Hôpital d’Orsay
A la reconquête des libertés de mon corps
Samedi 3 février
Une nuit entamée tôt, vers 21 :00, avec deux gros trous de 1 heure ou plus vers minuit et 4h30, et me voilà réveillé à 6 :58 par l’envie d’aller aux toilettes. Le lit motorisé m’aide à me lever : le plus dur est de basculer la jambe droite en-dehors du lit, mais finalement, ca se passe bien.
Je reviens dans mon lit et me rendort un peu.
8 :00 : Je suis bien réveillé. Mon fauteuil est en face de mon lit, mais ce n’est pas bonne place : il faut le déplacer près du lit. Est-ce que je vais y parvenir ? Je vais essayer. J’enfile mon déambulateur de compétition et je vais au fauteuil. Aucune roue n’est bloquée et c’est un jeu d’enfant de le déplacer au bon endroit.
Je m‘y installe et je commence la lecture des SMS, des messages pro, des messages personnels.

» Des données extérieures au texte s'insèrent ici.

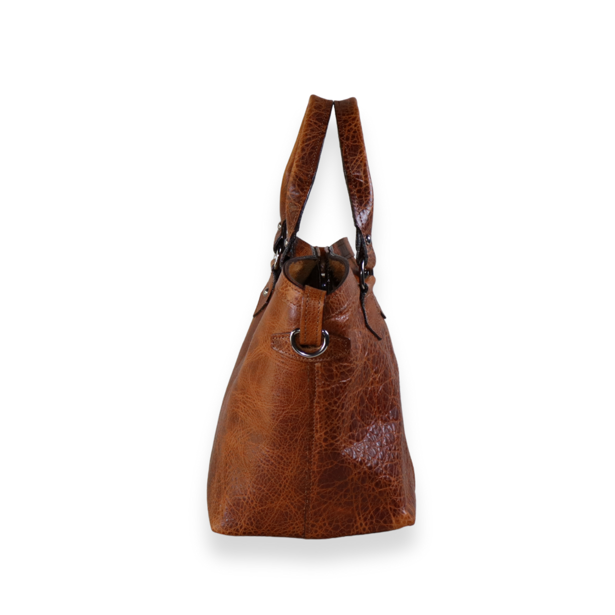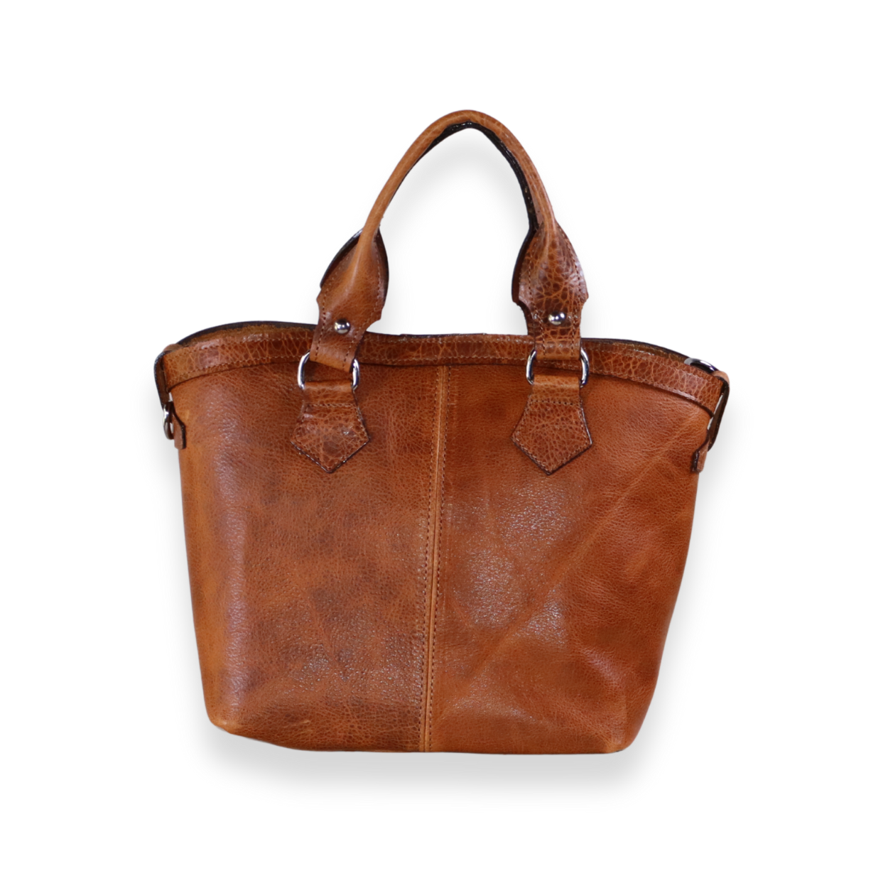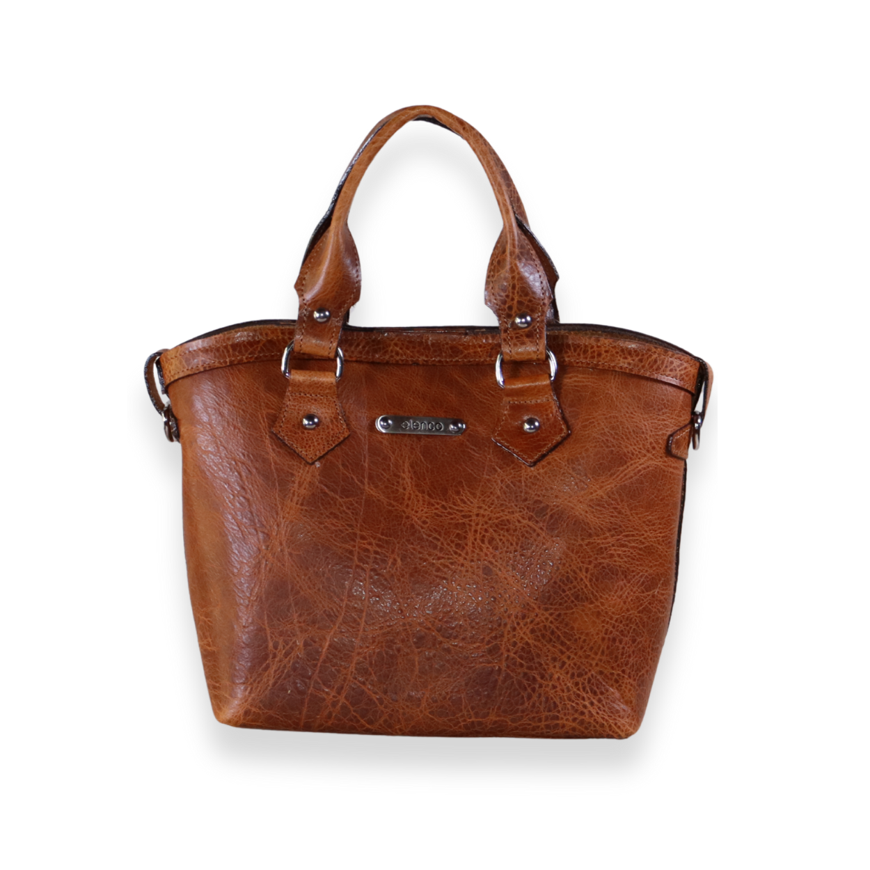 Mala pequena de mão duas alças e outra a tiracolo amovível. Mola magnética no bolso central. Um bolso interior. Logótipo de metal aplicado diretamente na pele.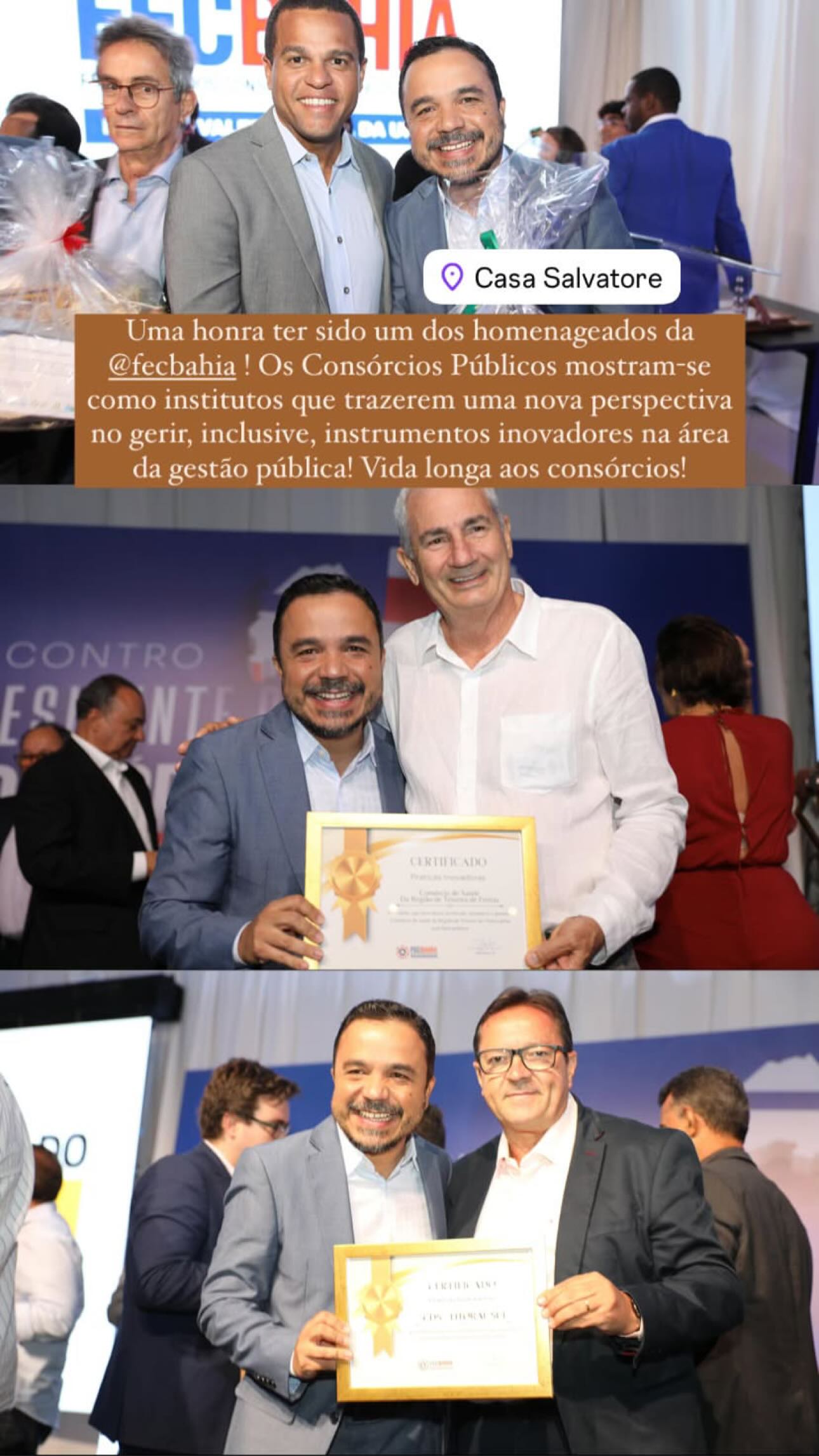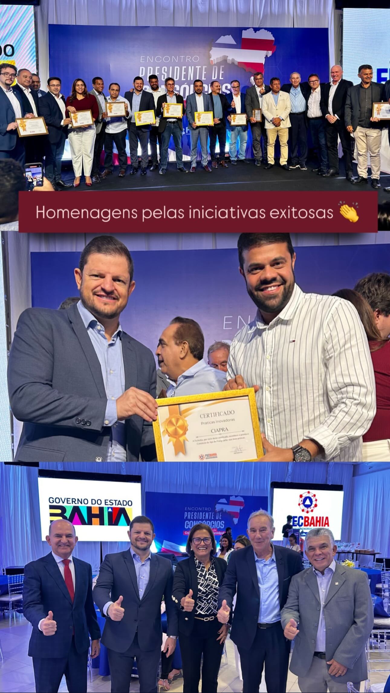 Reconhecemos o trabalho dos consórcios que receberam o Certificado de Boas Práticas, destacando ações fundamentais como regularização fundiária, agricultura familiar, pavimentação, infraestrutura e gestão de saúde. Essa conquista reflete o compromisso com o desenvolvimento dos municípios baianos e a melhoria na qualidade de vida da população. União e força pelo desenvolvimento da Bahia!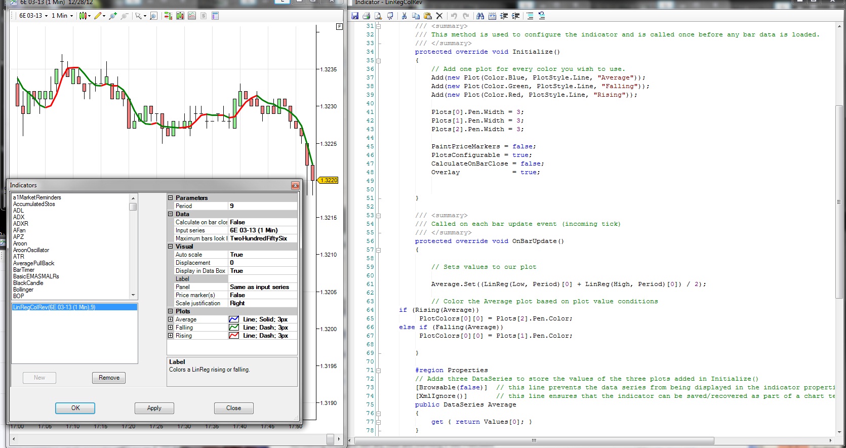 The last thing I need to resolve is how to code it so that I can adjust the colors of the plotted line (different for rising and falling) in the indicator menu box. Right now it does not do that though all three plots are listed nicely in the indicator menu box. I can adjust the width of the drawn line in the "Average line plot" as well as its dash style but I cannot change the colors. In the open box right now for example I chose yellow green as the color when it is rising, but it remains "green".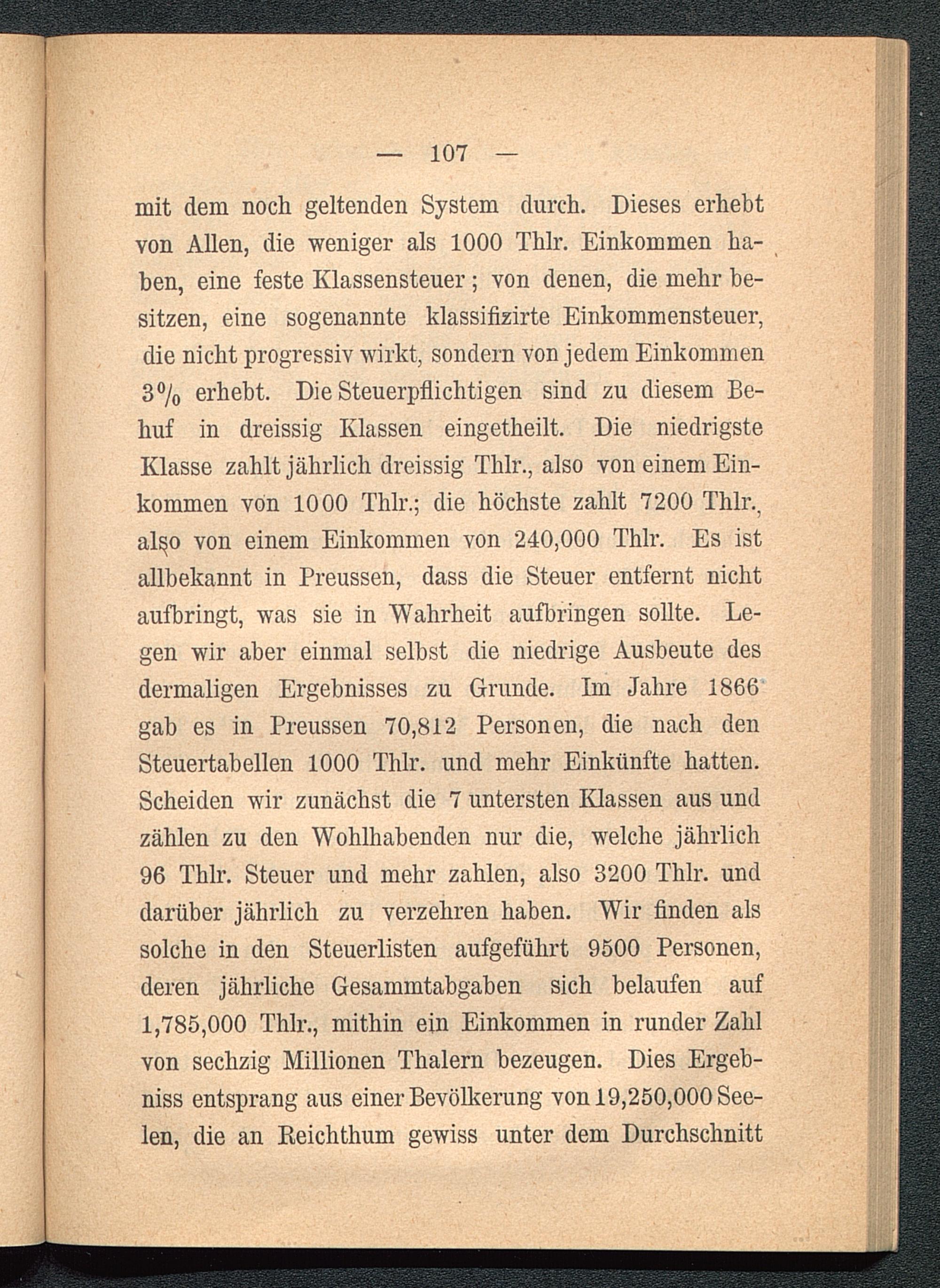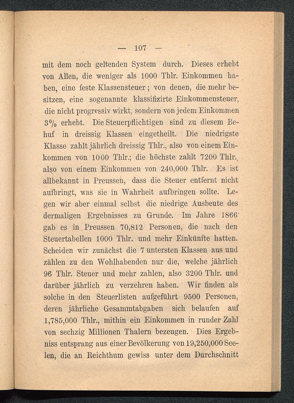 mit dem noch geltenden System durch. Dieses erhebtvon Allen, die weniger als 1000 Thlr. Einkommen ha-ben, eine feste Klassensteuer ; von denen, die mehr be-sitzen, eine sogenannte klassifizirte Einkommensteuer,die nicht progressiv wirkt, sondern von jedem Einkommen3% erhebt. Die Steuerpflichtigen sind zu diesem Be-huf in dreissig Klassen eingetheilt. Die niedrigsteKlasse zahlt jährlich dreissig Thlr., also von einem Ein-kommen von 1000 Thlr. ; die höchste zahlt 7200 Thlr.,al^o von einem Einkommen von 240,000 Thlr. Es istallbekannt in Preussen , dass die Steuer entfernt nichtaufbringt, was sie in Wahrheit aufbringen sollte. Le-gen wir aber einmal selbst die niedrige Ausbeute desdermaligen Ergebnisses zu Grunde. Im Jahre 1866gab es in Preussen 70,812 Personen, die nach denSteuertabellen 1000 Thlr. und mehr Einkünfte hatten.Scheiden wir zunächst die 7 untersten Klassen aus undzählen zu den Wohlhabenden nur die, welche jährlich96 Thlr. Steuer und mehr zahlen, also 3200 Thlr. unddarüber jährlich zu verzehren haben. Wir finden alssolche in den Steuerlisten aufgeführt 9500 Personen,deren jährliche Gesammtabgaben sich belaufen auf1,785,000 Thlr., mithin ein Einkommen in runder Zahlvon sechzig Millionen Thalern bezeugen. Dies Ergeb-nis entsprang aus einer Bevölkerung von 19,250,000 See-len, die an Reichthum gewiss unter dem Durchschnitt

8 :45 : Le petit déjeuner arrive. Thé + pain + miel.
9 :15 : Le médecin passe, un grand jeune homme noir. Il confirme l’indication de me laisser sortir demain dimanche donnée par son collègue hier matin. Je croyais vraiment avoir compris hier matin qu’il me laisserait sortir aujourd’hui samedi, mais l’infirmière semble sûre d’elle. Ca sera donc demain dimanche.
10 :00 : Je décide de faire le tour du noyau central du bâtiment avec le déambulateur. Je suis bien plus efficace qu’hier. J’aurais pu le faire d’une seule traite si nous n’avions pas tapé la discute avec une patiente en chaise roulante. Motarde comme moi, mais avec une particularité rarissime : elle ne ressent jamais la douleur ! Ainsi sa double fracture du tibia et du péroné qui ne lui a jamais fait mal.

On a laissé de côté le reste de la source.